3 minute read
Mavis Nye recalls Chatham Dockyard
Chatham dockyard
by Mavis Nye
Chatham Dockyard was the workplace of my great grandfather Edward, who came with his wife from South Hilton Durham to Chatham and lived in Luton Chatham. He had my grandmother and she married Thomas and lived a few doors away where my father, his brother Jackson and three sisters were born. My grandfather died at 42 when he dropped dead over my grandmother as she was holding her newborn, my Uncle Jackson.
The men all worked in the dockyard, walking in or going by bicycle.
Now the dockyard has closed it has become a tourist attraction, a happy place and yet Mesothelioma is the deadly disease this dockyard has left the Medway towns suffering with.
Asbestos was a wonder material and was used as insulation in the shipbuilding industry from the end of the 19th century until the dockyard closed in 1984/85 and everything was moved to Portsmouth.
Engine rooms, generating rooms, pipework and boilers, wherever the asbestos was used to lag, was a danger to the workers. Even after asbestos stopped being used Chatham dockyard, workers were still exposed to high levels of asbestos fibres from stripping out old asbestos lagging on refits.
Because asbestos was commonplace on ships and submarines, many Chatham dockyard employees could have been exposed to asbestos while building or maintaining ships and submarines. This included shipwrights, joiners, engine fitters, electrical fitters, caulkers, labourers, rope makers, supervisors, cleaners and asbestos laggers.
Dangers from exposure to high levels of asbestos (especially blue and brown) and its association with asbestosis and lung cancer had been established by the second world war. However, it was not until the mid 1960s that the real dangers of asbestos became well known. In 1965 the Sunday Times published an article warning of the link between exposure to low levels of the more commonplace white asbestos and the fatal disease mesothelioma.

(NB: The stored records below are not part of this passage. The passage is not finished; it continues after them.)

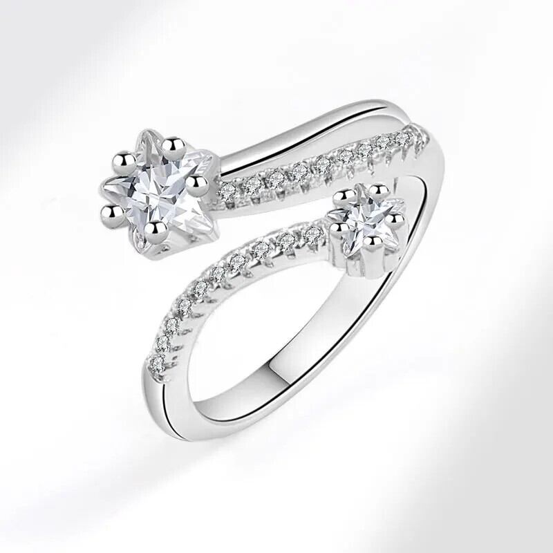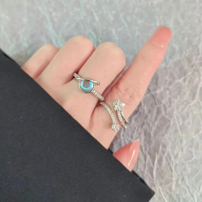 LIVVY シルバーカラーオパールリングカップルミニマリストトレンディクリエイティブ記念日ジュエリーギフト 指輪 蛋白石 銀
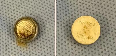 上圖為進入鼻腔20分鐘的紐扣電池,已經(jīng)滲出強腐蝕性堿性液體,長時間會引起局部組織缺失和軟骨破壞,導致組織粘連或瘢痕形成,嚴重時引起鼻中隔穿孔等并發(fā)癥。
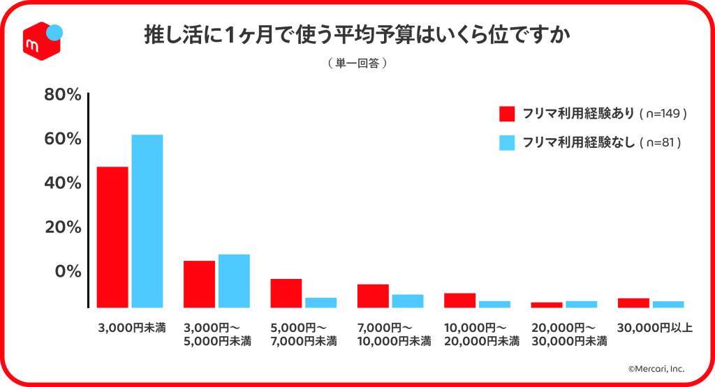 フリマサービスで推し活グッズを売り買いすることで、推し活全体の予算が「増えた」と回答した55人に、いくらくらいの予算が増えたかを聞くと、月平均予算が5,000円未満の人は2,000円(中央値、以下同)、5,000円以上10,000円未満は5,000円、10,000円以上は8,000円となり、一定の予算増額を後押ししていることが伺える。
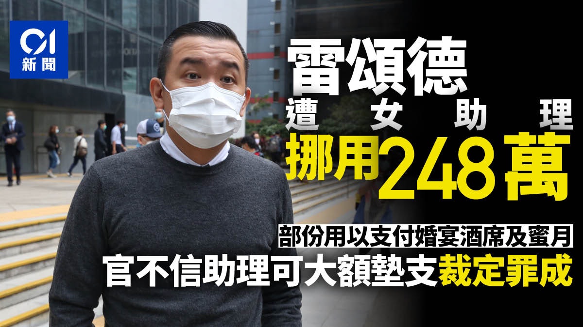 音樂創作人雷頌德的女助理,涉以工作之便,挪用雷逾248萬元,部份更用以支付婚宴酒席費用,及蜜月開支,更在審訊時辯稱,涉案轉帳屬雷向她歸還早前她墊支的費用。法官李慶年指,當時女助理月薪只有1.3萬元,積蓄只有數萬元,按她所說,單在2012年上半年,她每月便要為公司墊支逾9萬元,不可能為雷作出有關墊支,認為她不誠實挪用公款,裁定她盜竊、使用虛假文書副本共7罪罪成。案件押後至周四繼續作求情及判刑。3 d" l- }" E9 j8 M2 M6 }# t$ t
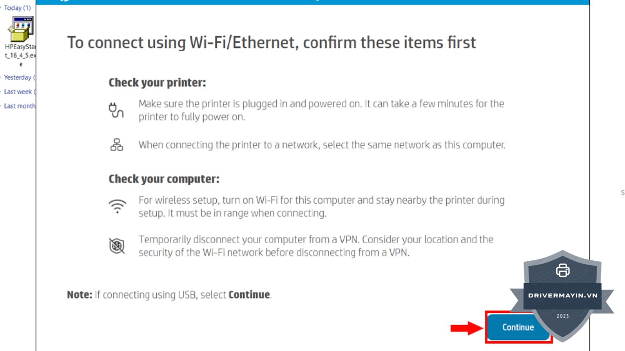 Nếu bạn đang sử dụng máy in qua mạng, hãy đảm bảo rằng kết nối mạng của bạn (Wi-Fi hoặc Ethernet) ổn định trước khi cài đặt. Nếu kết nối mạng không ổn định hoặc máy tính không thể kết nối với máy in qua mạng, quá trình cài đặt sẽ gặp phải lỗi. Tuy nhiên, HP Neverstop 1000A chủ yếu sử dụng kết nối USB, vì vậy nếu bạn chỉ sử dụng cáp USB, bước này không cần thiết.

This eventually caused responsible employers at Chatham dockyards and elsewhere to take proper precautions to protect their workers from asbestos.
Sadly, for too many workers there was too long a delay between this knowledge and action to prevent asbestos exposure. Hundreds of them have found that the supposedly harmless white asbestos fibres they inhaled at Chatham dockyards have led to serious and often fatal diseases, such as asbestosis, diffuse pleural thickening, lung cancer, and mesothelioma.

CHATHAM DOCKYARD
Chatham dockyard has gained the nasty title of employer responsible for the most deaths from asbestos, lung cancer and asbestosis.
My father was wrongly diagnosed and died in 1989 having lived through the pain of emphysema with a frozen shoulder due to a small stroke. The symptoms I saw in him are the same as I have had – swollen legs, lymphedema, and shortness of breath. He didn’t have the proper treatment, although there was even less than today.
The Medway area, is in the UK’s top four for asbestos related deaths. A total of 104 people died from mesothelioma in Medway between 2006 and 2010.
When you sit down with Ray he describes the asbestos as being piled up everywhere on the dockside and on the boats. Men were sawing the material, cutting it, even throwing and kicking it about as they worked, and the dust in the air when it was swept up.
Unlike Plymouth Dockyard they didn’t have a laundry service, so Ray came home in his work clothes and I shook the dust and put them into the washing machine. Ray has lost all the pals from his apprenticeship in the 1953 entry.
Health and safety is too often referred to in derogatory terms, but a more conscientious attitude to the health and safety risks of asbestos in the 1950s, 60s and 70s would have prevented such diseases as mesothelioma, asbestosis and lung cancer. It is because of such careless attitudes that employers like the Ministry of Defence at Chatham dockyards are often liable to compensate for diseases caused by asbestos. Unfortunately, no amount of compensation can make up for a fatal illness.